Sometimes I think teaching a class is akin to working a jigsaw puzzle. In order to put together a jigsaw puzzle, you need to alternate between the details--all those hundreds of pieces of oddly shaped cardboard--and the picture on the box, which provides the overall design for how the pieces go together. As I've said, the individual pieces--the problems, the equations, the calculations--are important in their own right. They are the building blocks of the lessons we teach. But there is a danger that the details can be so delightful in and of themselves, that the larger picture, the "why are we doing this" somehow gets lost. Observing MIT classes, I've sometimes felt as if I were watching a movie in which the director begins with a fabulous panoramic view--perhaps of the skyline of New York or windswept rocks overlooking a vast expanse of ocean--and then gives the audience nothing for the next two hours but close-ups of the leading man's nose. Without the long shot, without some context much is lost.

The good news is that this is a simple problem to remedy. Every once in a while (maybe every 15 minutes), all you need do is pull back the lens and survey the territory. It isn't enough to simply announce the topic at the beginning of class; students, like most of us, have short attention spans. Research into the information processing capabilities of members of an audience shows that attention is greatest at the beginning and end of a presentation with a substantial dip in the middle. (One study found that students' attention begins to wane after ten minutes!) So continually remind your students why you're solving the equation, what the problem exemplifies, how the calculation furthers an understanding of the topic at hand.

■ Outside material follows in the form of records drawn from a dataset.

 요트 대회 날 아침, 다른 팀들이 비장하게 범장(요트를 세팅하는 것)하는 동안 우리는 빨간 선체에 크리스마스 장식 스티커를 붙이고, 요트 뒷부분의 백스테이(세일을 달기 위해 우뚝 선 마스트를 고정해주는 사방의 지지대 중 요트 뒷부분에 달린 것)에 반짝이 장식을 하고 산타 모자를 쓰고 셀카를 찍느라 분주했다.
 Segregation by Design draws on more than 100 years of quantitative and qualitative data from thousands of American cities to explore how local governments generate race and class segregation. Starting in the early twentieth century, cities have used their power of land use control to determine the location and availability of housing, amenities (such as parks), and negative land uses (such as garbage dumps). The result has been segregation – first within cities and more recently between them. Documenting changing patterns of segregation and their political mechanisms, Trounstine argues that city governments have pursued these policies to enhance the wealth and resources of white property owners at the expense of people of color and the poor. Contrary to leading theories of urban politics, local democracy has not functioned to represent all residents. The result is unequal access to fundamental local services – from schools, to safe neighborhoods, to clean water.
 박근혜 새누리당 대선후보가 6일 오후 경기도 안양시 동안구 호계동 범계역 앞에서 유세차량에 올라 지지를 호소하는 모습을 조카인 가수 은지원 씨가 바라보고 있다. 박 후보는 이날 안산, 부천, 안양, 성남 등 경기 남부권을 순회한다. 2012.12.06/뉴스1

Transitional statements help, too. How does subpoint A relate to the theme of the day's lesson? How does subpoint B relate to subpoint A? Does one idea further the next, or is it a contrast? Is subpoint C a consequence of subpoint A and B? Why did you need to talk about A and B before you presented C, anyhow? Provide clear, explicit signposts along the way reminding students where you started, where you are in the process at a particular point in time, and where you expect to end up.

What all this means, of course, is that you need a unifying thread that will weave itself throughout the class. Patrick Winston, in a handout entitled "Lecturing Heuristics," which accompanies his not to be missed IAP presentation, "How to Speak," writes of the "central, exciting question" that forms the basis of any good lecture. The faculty member mentioned at the beginning of this column talks of the need to identify and articulate the "important problem" that must motivate every class period. The question that students need answered for them is, "Why are we learning what we are learning?" What is the key viewpoint, the fundamental insight that propels the rest of the day's material? What does the picture on the box look like, anyway? Studies on what makes lectures successful identify two basic components: a simple organizational plan and a number of germane examples. Both elements are necessary for the effectiveness of the lecture will be weakened if either is missing.

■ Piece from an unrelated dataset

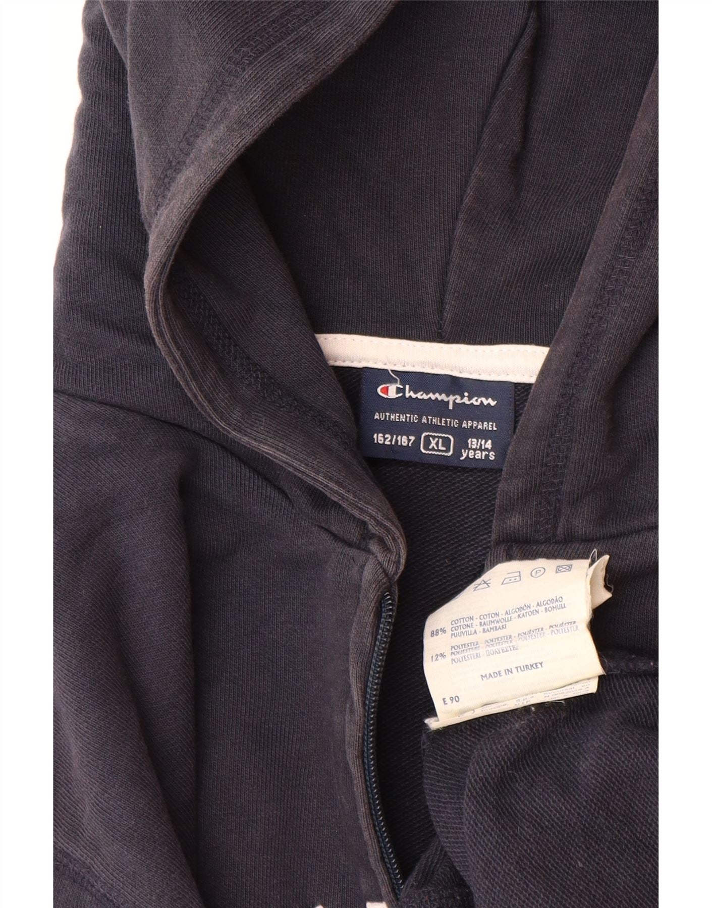 CHAMPION Suéter masculino com capuz e zíper gráfico 13-14 anos XL azul marinho algodão

As I've observed classes here over the past year, I have been extraordinarily impressed at the ability of those I've watched to manipulate the symbols that build the examples, the problems, and the proofs. Sometimes I feel as if I am being treated to amazing feats of underwater endurance; as the instructor fills the board from one end to the other, it is as if I'm watching a swimmer glide effortlessly lap after lap on a single breath. But it is important to come up for air regularly, to look around, to check where you've been and where you're headed. I would like to suggest that that is good pedagogy because it helps students figure out how the pieces come together not only so they can duplicate the picture on the box, but ultimately so they will have the confidence to create their own.